%%

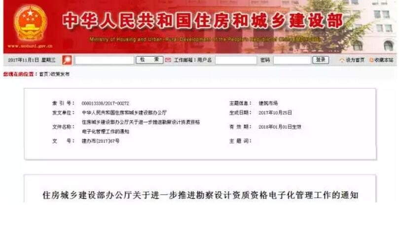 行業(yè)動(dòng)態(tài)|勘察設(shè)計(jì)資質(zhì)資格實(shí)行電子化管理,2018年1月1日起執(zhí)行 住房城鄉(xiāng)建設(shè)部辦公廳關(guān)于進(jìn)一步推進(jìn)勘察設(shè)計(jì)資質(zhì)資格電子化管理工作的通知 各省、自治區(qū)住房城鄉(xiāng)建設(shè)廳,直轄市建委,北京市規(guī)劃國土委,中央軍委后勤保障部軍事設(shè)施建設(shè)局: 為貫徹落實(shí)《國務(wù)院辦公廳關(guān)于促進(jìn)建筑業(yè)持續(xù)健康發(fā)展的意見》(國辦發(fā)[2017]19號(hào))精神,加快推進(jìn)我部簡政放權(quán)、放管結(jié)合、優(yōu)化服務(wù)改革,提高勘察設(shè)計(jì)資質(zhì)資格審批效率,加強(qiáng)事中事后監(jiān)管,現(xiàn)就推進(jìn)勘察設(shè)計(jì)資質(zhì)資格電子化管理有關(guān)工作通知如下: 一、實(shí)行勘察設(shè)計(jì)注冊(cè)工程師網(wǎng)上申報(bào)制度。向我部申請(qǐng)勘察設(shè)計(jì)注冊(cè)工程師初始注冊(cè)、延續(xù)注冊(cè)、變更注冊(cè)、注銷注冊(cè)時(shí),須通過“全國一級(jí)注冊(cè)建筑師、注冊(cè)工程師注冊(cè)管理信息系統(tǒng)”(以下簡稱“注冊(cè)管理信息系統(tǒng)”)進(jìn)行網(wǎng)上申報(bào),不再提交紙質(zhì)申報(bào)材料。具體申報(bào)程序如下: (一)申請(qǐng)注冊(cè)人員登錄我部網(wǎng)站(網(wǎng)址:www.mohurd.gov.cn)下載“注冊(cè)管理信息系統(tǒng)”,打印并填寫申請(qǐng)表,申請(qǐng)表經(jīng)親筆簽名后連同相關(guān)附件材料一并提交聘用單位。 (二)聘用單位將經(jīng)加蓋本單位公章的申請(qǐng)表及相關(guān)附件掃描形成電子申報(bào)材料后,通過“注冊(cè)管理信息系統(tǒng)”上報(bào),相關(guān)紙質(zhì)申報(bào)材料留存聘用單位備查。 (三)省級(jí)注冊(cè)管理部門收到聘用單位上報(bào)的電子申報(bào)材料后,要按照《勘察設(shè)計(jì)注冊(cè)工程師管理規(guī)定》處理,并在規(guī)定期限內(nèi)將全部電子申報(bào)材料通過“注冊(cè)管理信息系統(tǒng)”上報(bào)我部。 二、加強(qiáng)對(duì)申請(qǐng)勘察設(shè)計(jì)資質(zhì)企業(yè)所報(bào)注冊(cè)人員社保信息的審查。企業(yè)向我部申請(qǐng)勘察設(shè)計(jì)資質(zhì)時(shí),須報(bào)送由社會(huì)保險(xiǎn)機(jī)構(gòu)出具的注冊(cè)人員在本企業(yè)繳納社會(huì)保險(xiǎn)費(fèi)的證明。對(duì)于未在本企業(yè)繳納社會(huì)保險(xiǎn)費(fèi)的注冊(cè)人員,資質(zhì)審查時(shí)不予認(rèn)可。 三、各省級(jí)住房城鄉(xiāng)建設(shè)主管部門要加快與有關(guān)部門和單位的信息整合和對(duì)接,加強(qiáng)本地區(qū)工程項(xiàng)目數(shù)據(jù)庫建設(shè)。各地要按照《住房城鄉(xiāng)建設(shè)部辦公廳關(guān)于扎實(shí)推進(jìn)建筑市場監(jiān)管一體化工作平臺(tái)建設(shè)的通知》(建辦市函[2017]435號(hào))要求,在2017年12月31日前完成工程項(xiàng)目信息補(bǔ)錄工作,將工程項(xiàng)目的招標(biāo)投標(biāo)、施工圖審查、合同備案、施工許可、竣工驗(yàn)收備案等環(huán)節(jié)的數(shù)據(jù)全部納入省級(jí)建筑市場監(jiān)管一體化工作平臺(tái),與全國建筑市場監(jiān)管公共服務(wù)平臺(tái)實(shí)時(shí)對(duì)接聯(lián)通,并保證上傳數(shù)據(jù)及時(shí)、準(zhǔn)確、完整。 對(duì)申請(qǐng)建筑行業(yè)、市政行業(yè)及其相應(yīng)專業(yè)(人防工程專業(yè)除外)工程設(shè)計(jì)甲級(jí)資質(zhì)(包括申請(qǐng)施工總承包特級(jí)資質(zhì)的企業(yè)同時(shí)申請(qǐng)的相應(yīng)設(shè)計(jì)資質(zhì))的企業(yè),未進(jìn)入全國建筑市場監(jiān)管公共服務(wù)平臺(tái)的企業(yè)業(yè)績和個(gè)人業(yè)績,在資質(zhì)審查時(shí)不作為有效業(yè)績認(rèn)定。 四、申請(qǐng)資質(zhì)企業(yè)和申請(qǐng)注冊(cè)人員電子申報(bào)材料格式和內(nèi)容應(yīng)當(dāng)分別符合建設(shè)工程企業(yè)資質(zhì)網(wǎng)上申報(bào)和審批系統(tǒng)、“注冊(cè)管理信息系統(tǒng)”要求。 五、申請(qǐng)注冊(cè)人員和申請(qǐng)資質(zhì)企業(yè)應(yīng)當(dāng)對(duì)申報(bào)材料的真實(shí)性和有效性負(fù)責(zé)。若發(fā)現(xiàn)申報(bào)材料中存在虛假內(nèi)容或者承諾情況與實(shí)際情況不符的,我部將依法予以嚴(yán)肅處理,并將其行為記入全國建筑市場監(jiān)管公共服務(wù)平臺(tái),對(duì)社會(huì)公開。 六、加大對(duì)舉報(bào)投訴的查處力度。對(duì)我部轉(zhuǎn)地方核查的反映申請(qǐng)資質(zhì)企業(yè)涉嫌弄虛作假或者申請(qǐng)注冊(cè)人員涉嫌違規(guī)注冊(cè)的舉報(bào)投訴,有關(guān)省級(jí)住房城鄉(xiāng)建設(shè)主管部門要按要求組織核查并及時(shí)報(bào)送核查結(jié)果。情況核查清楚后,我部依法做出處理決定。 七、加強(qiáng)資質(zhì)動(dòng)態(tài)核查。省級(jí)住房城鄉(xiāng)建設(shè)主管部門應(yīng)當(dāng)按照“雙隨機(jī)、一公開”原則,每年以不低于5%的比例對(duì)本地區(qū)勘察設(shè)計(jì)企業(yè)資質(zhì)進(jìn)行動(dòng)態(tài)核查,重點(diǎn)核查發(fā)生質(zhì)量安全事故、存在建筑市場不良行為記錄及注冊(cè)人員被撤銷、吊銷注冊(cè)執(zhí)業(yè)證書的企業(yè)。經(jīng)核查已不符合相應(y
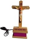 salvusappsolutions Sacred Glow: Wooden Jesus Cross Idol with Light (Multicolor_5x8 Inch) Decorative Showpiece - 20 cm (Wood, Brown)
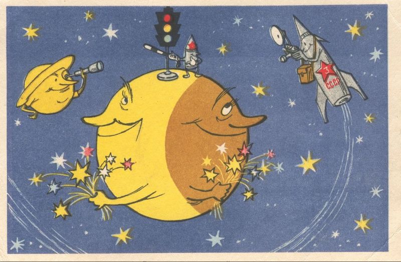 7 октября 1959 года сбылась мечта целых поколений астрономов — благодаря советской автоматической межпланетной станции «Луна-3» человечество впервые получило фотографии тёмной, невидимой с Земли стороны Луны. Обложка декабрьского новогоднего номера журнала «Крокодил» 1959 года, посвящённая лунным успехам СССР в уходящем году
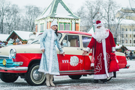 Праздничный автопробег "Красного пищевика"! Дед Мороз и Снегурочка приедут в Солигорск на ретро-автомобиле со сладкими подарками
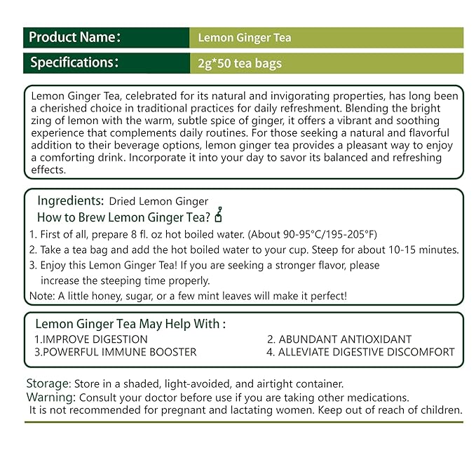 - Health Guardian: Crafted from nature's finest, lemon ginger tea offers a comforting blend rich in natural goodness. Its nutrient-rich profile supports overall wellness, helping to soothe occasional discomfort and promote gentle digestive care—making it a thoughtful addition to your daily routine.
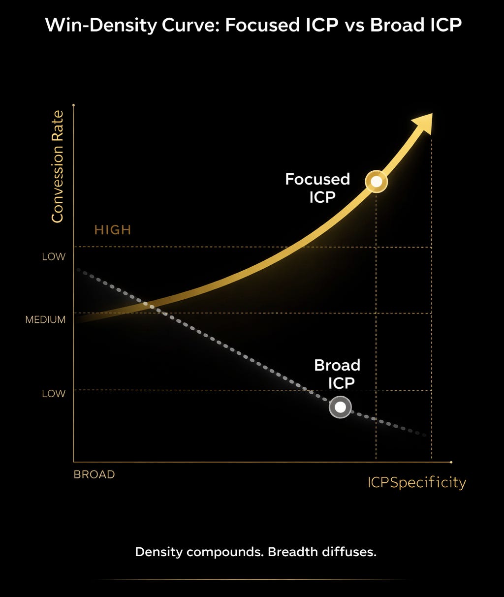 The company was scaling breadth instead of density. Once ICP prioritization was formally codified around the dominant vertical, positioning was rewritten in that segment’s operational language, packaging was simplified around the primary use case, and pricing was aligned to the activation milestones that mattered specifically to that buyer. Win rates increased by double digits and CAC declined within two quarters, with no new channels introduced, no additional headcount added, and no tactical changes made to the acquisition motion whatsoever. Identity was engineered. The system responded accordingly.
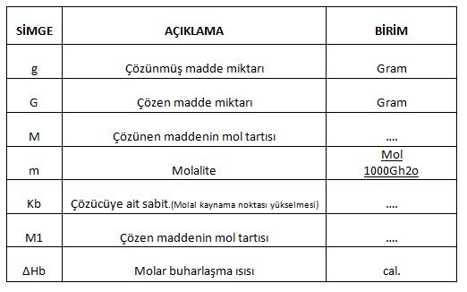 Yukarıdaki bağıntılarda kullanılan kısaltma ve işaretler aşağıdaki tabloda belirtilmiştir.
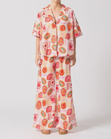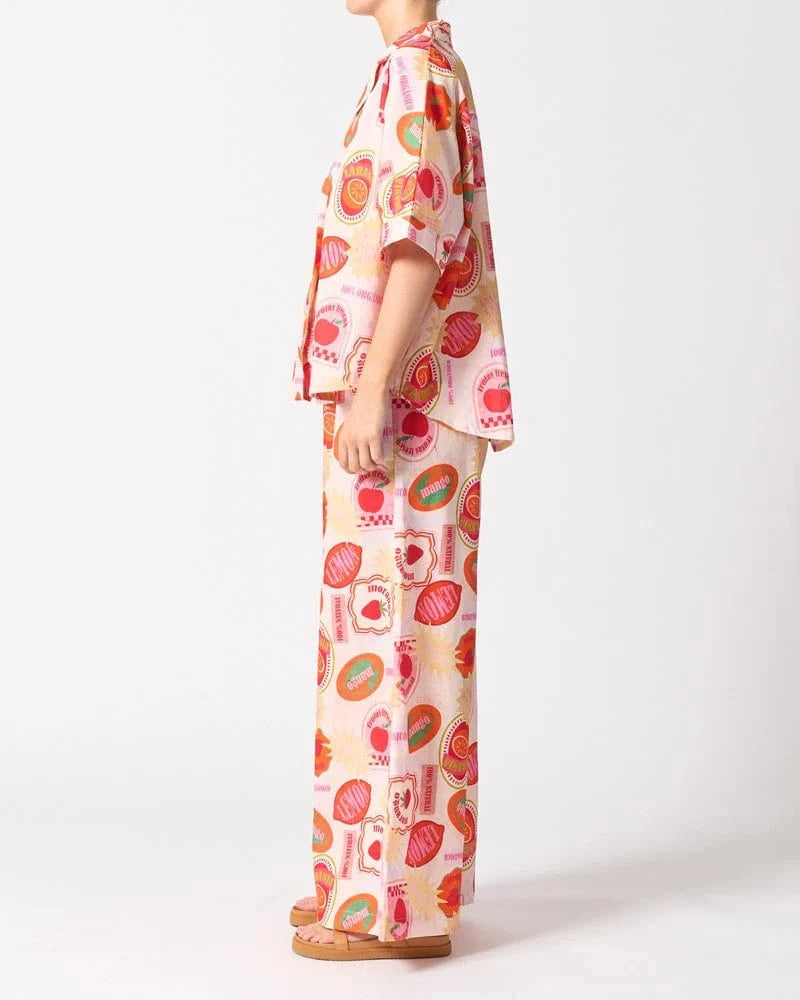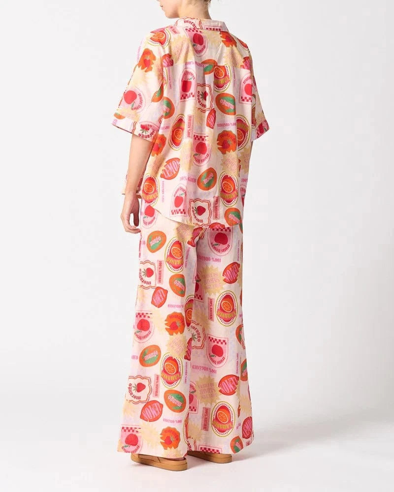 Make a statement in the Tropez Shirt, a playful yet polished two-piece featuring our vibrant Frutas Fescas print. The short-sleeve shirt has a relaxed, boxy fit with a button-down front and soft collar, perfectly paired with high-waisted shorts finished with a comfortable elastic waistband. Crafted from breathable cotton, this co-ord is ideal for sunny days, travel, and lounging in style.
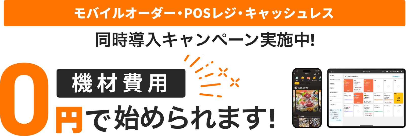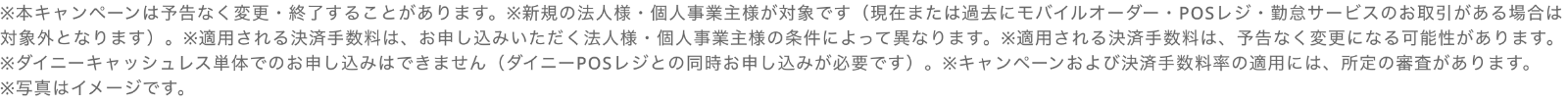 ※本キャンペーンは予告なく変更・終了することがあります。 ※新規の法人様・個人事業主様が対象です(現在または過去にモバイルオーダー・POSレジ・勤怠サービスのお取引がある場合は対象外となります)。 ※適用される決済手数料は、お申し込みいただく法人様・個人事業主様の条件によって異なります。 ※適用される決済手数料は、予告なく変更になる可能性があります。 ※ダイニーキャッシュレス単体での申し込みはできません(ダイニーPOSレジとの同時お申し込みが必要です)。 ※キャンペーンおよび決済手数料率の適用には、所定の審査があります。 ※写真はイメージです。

%%

Work instructions = Transcribe the listing above exactly, but only from the line with "со сладкими подарками" through the line with "Yukarıdaki bağıntılarda kullanılan". Include both of those lines and omit the pictures.

Answer to the problem =
 Праздничный автопробег "Красного пищевика"! Дед Мороз и Снегурочка приедут в Солигорск на ретро-автомобиле со сладкими подарками
 - Health Guardian: Crafted from nature's finest, lemon ginger tea offers a comforting blend rich in natural goodness. Its nutrient-rich profile supports overall wellness, helping to soothe occasional discomfort and promote gentle digestive care—making it a thoughtful addition to your daily routine.
 The company was scaling breadth instead of density. Once ICP prioritization was formally codified around the dominant vertical, positioning was rewritten in that segment’s operational language, packaging was simplified around the primary use case, and pricing was aligned to the activation milestones that mattered specifically to that buyer. Win rates increased by double digits and CAC declined within two quarters, with no new channels introduced, no additional headcount added, and no tactical changes made to the acquisition motion whatsoever. Identity was engineered. The system responded accordingly.
 Yukarıdaki bağıntılarda kullanılan kısaltma ve işaretler aşağıdaki tabloda belirtilmiştir.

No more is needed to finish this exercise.